### Information

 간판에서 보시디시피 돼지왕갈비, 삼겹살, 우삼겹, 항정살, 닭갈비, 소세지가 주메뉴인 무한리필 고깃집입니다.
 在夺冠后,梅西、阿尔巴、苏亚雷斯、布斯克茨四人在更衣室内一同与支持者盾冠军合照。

######
### Information

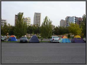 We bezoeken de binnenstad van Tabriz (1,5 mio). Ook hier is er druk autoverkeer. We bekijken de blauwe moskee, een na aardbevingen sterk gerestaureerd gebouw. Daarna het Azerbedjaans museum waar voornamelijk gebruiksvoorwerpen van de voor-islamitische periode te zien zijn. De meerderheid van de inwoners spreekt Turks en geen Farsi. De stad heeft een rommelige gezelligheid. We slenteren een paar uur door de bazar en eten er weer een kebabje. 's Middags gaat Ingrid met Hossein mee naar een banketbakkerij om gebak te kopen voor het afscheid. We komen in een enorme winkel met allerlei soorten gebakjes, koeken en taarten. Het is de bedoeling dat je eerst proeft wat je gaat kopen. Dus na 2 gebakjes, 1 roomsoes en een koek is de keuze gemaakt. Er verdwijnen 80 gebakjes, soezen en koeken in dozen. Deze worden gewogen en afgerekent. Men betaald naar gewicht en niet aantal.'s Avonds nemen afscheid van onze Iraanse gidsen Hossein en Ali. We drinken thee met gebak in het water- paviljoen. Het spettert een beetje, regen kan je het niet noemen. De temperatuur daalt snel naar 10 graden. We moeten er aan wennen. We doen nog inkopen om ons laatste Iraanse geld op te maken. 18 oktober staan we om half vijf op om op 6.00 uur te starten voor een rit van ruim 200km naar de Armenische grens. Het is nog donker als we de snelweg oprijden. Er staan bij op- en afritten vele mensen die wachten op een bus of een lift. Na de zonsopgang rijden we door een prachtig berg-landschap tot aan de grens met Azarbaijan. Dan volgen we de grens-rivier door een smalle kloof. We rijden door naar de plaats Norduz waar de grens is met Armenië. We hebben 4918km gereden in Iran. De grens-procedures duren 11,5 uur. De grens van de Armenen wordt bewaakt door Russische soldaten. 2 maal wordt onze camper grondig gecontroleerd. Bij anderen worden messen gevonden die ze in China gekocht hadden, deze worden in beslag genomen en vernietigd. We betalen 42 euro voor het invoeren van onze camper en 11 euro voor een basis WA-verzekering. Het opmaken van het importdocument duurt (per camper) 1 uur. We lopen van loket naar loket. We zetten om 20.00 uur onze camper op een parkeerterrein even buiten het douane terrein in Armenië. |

######

Action item
Print, from the entries above, the line with "간판에서 보시디시피 돼지왕갈비, 삼겹살, 우삼겹, 항정살, 닭갈비, 소세지가", the line with "在夺冠后,梅西、阿尔巴、苏亚" and all lines between them, exactly and with nothing else.

Exercise response
 간판에서 보시디시피 돼지왕갈비, 삼겹살, 우삼겹, 항정살, 닭갈비, 소세지가 주메뉴인 무한리필 고깃집입니다.
 在夺冠后,梅西、阿尔巴、苏亚雷斯、布斯克茨四人在更衣室内一同与支持者盾冠军合照。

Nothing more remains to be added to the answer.